Wildlife team to probe deer hunting incident in Sindh

After a video of a deer hunt in Sindh surfaced on social media platforms, the wildlife department decided to conduct an inquiry into the matter on Thursday.

According to a notification issued by the department, a three-member team has been constituted to investigate “the hunting of two Chinkara deer by one named Antesaruddin, reportedly a resident of Karachi.”

The team consists of game officer Ashfaque Ali Memon, inspector Naeem Muhammad Khan and inspector Muhammad Azeem Kachelo and will report to department within 10 days.

Hunting Chinkaras has been banned in Pakistan. But according to a Dawn report by Jamal Shahid published last year, “private as well as some registered trophy hunting operators” are offering animals that are currently protected under law to trophy hunters.

Quoting a source in WWF, Shahid writes that since the “last decade, outfitters have been arranging to kill the nilgai, Indian hog deer or para, black bucks or Indian antelopes, chinkara or India gazelle.” These are then exported illegally despite the fact that no export permits have ever been issued for these animals.

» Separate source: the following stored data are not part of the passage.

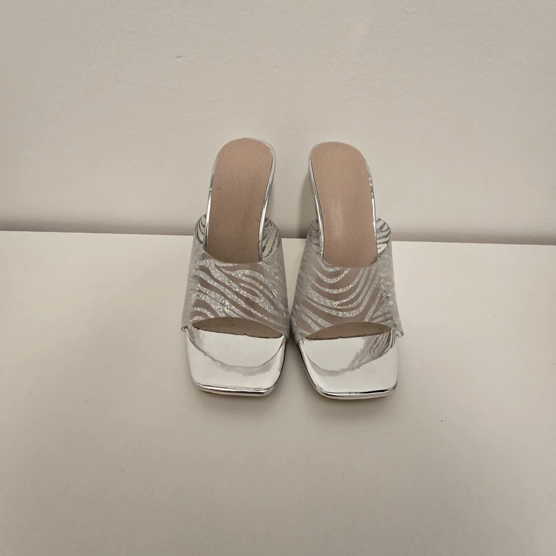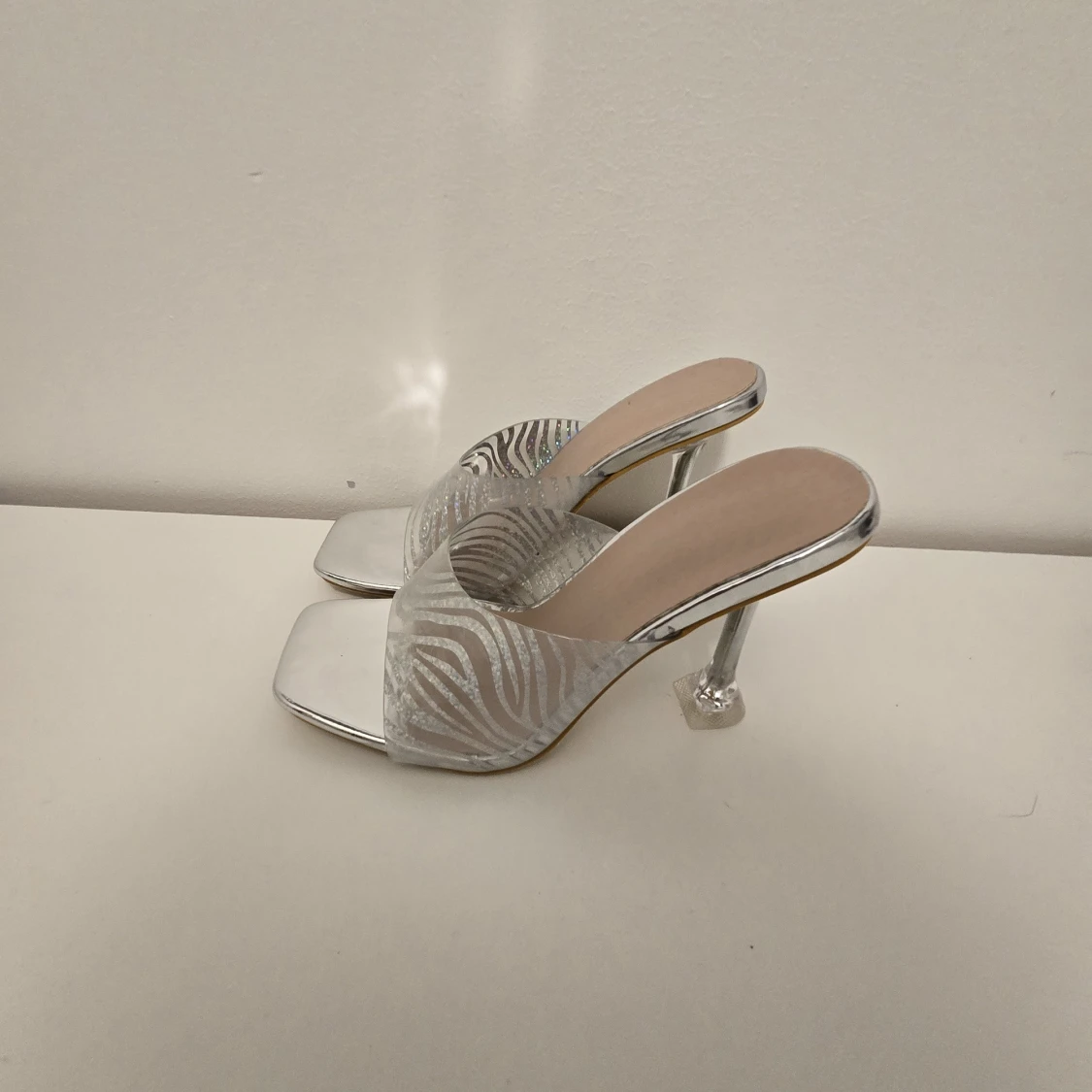 Glammiga silvriga klackar med transparent zebramönstrad rem och fyrkantig tå. Snygg, hög klack och öppen tå ger en trendig vibe. Perfekta för dig som vill sticka ut med metallic och coolt mönster. Materialet är syntet och skon har en plattformslook.
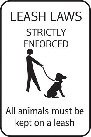 - Sign states "Leash Laws Strictly Enforced All animals must be kept on a leash."
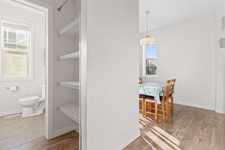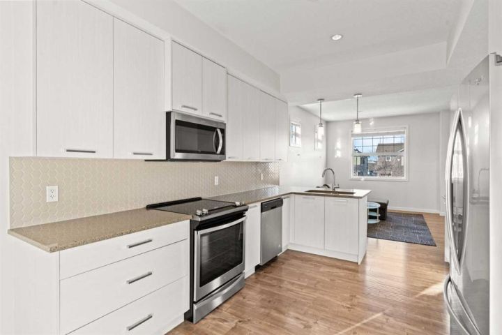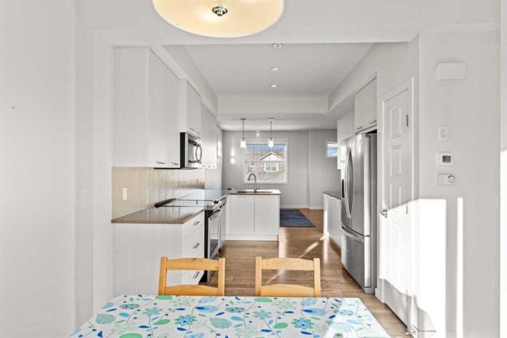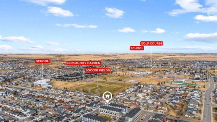 Welcome to this beautifully kept corner-unit townhouse in the established community of Sagewood, offering peaceful living while staying close to all amenities. This bright and functional home features 3 bedrooms, 2.5 bathrooms, and a double attached tandem garage, ideal for families, first-time buyers, or anyone seeking convenience plus peace. As you walk up to the main level, you are greeted by a sun-filled dining area with a south-facing patio door that opens onto a private balcony equipped with a BBQ gas line. The open-concept kitchen includes stainless steel appliances, granite counters, ample cabinetry, and a convenient pantry. Adjacent to the kitchen is a spacious living room with a large window overlooking the quiet street. A well-placed 2-piece bathroom completes the main floor. The upper level is bright and thoughtfully designed. It features a generous primary bedroom with a 3-piece ensuite and walk-in closet, a second bedroom with its own walk-in closet, a third bedroom with ample storage, a 4-piece common bathroom, and upper-floor laundry for added convenience. This well-maintained home is ideally positioned in a convenient and family-friendly location. You are within walking distance of Our Lady Queen of Peace Elementary School, C. W. Perry Middle School, ponds, playgrounds, walking paths, and Woodside Golf Course. Everyday amenities including Sobeys, restaurants, gas station, and local shops are only minutes away. Commuting is smooth with quick access to 8 Street, Veterans Boulevard, and easy connectivity to Deerfoot Trail. You are also a short drive from Airdrie Main Street, Genesis Place Recreation Centre, and the new Airdrie Public Library, making this property a perfect blend of comfort, accessibility, and lifestyle. This home has everything you need and more. Book your private showing today and experience the value for yourself.
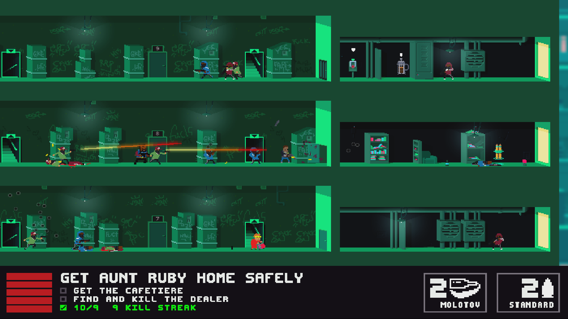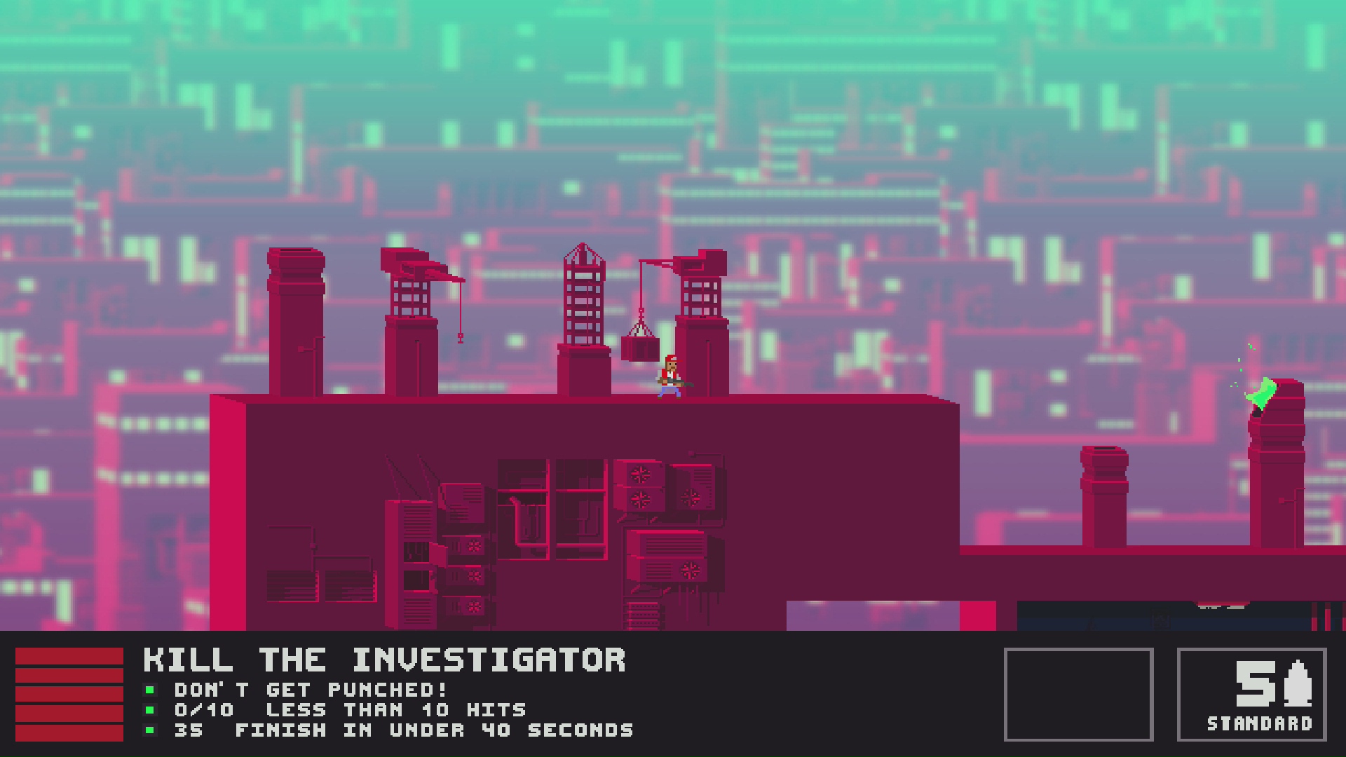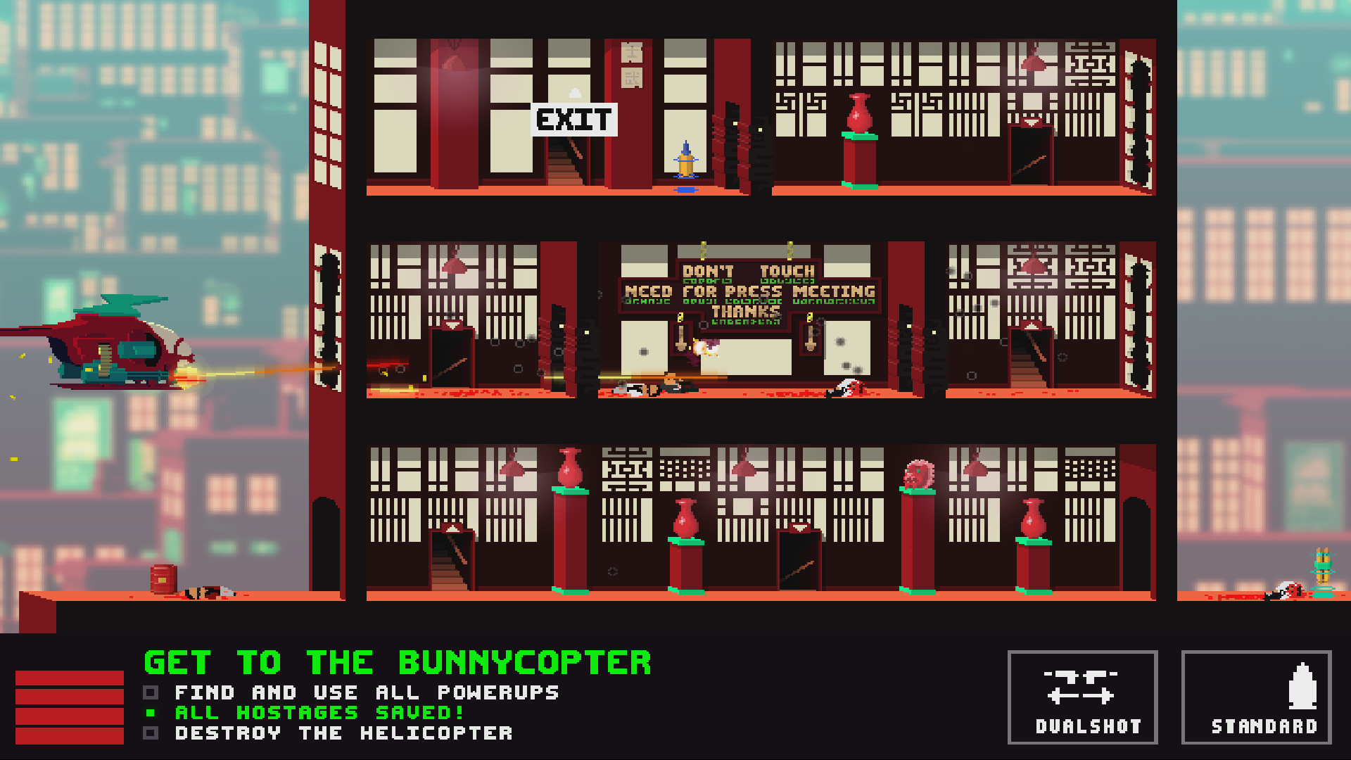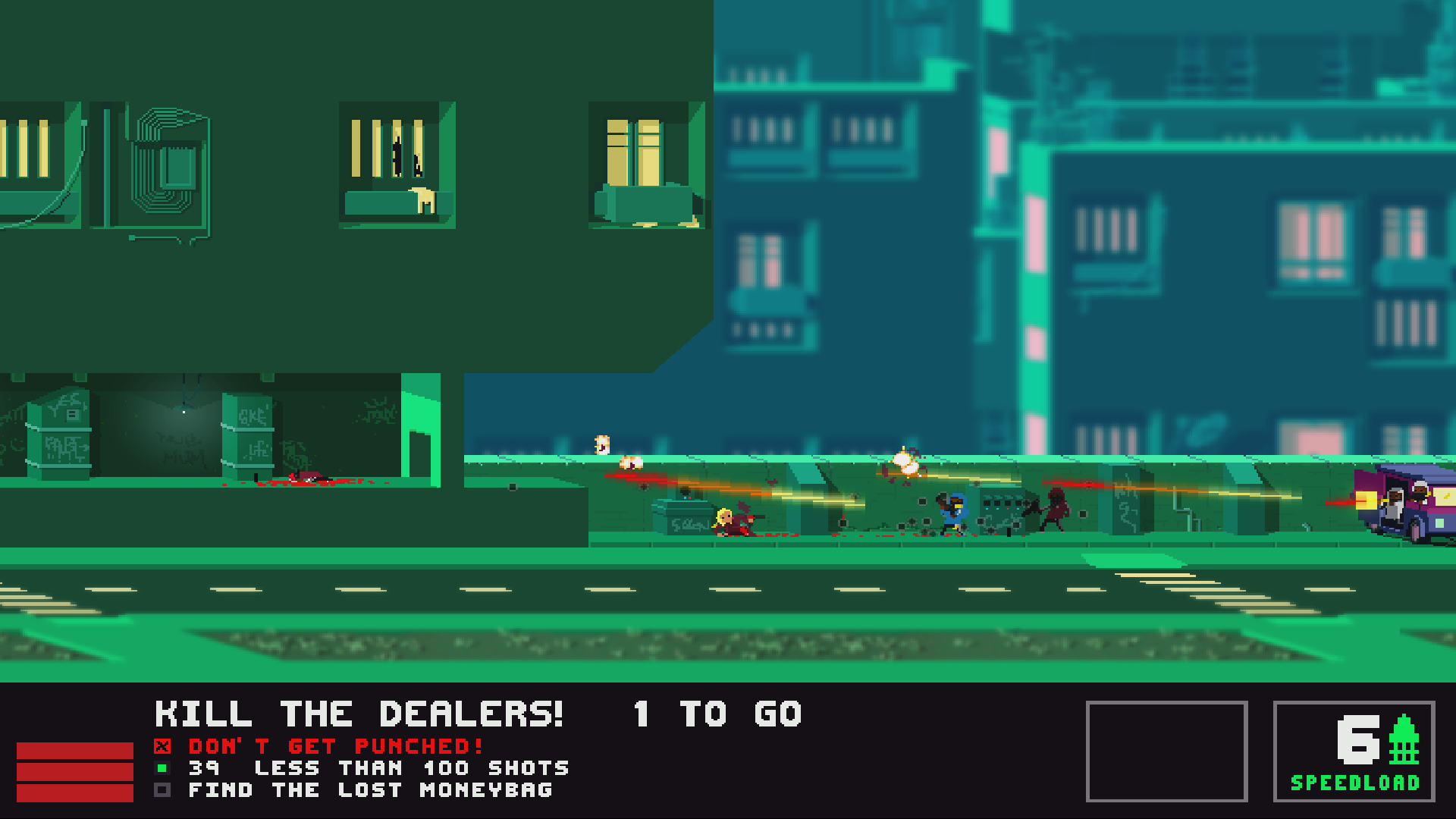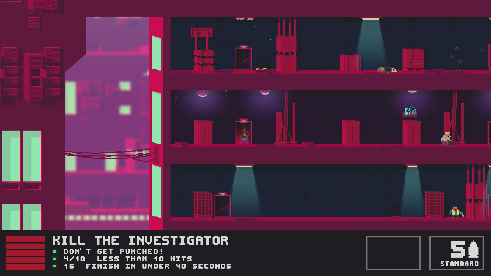 Pierwsze co przyszło mi do głowy po uruchomieniu tej gry do Hotline Miami. Oczywiście widok jest trochę inny. W Miami widzimy akcję od góry, tutaj zaś z boku, ale sama koncepcja jest podobna. Sterujemy bohaterem, który uzbrojony w broń musi przedostać się przez kolejne poziomy.
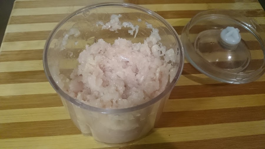 ahora cogeremos la carne picada, sino tenemos y ponemos como he puesto yo pechugas de pollo picadas, pues procederemos a picarla,
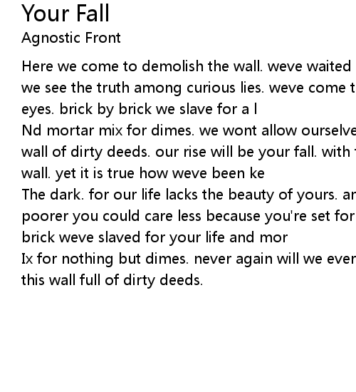 Here we come to demolish the wall. weve waited years to witness this fall. today we see the truth among curious lies. weve come to seek justice with our own eyes. brick by brick we slave for a l |
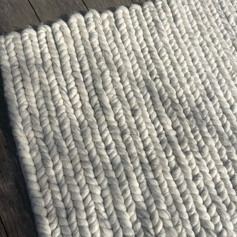 Lækkert og stilrent gulvtæppe i uldlook sælges. Tæppet måler 200 x 300 cm og passer perfekt under spisebord, i stue eller større rum.
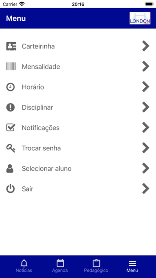 App do London School que permite consultas ao boletim, mensalidades, horário escolar, acompanhamentos disciplinares, além de possuir agenda escolar e painel de notícias para uma eficiente comunicação entre a escola, alunos e responsáveis.
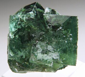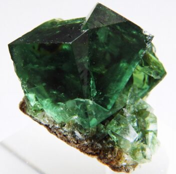 透明度の高い美しい貫入双晶群で方鉛鉱を伴います。太陽光と紫外線長波で蛍光します。

No export permits have ever been issued for chinkara, hog deer, Asian wildcat, jackal, black bucks or the nilgai,” a source in the Ministry of Climate Change said as quoted by Dawn.

However, social media has played an important role in curbing the illegal hunting of the chinkara or the Indian gazelle. Writing in Arab News, Zulfiqar Kunbhar reports that in Thar, an almost 75 percent decrease in poaching was witnessed between 2019 and 2020” due to “diligent social media reporting by dozens of devoted conservationists.”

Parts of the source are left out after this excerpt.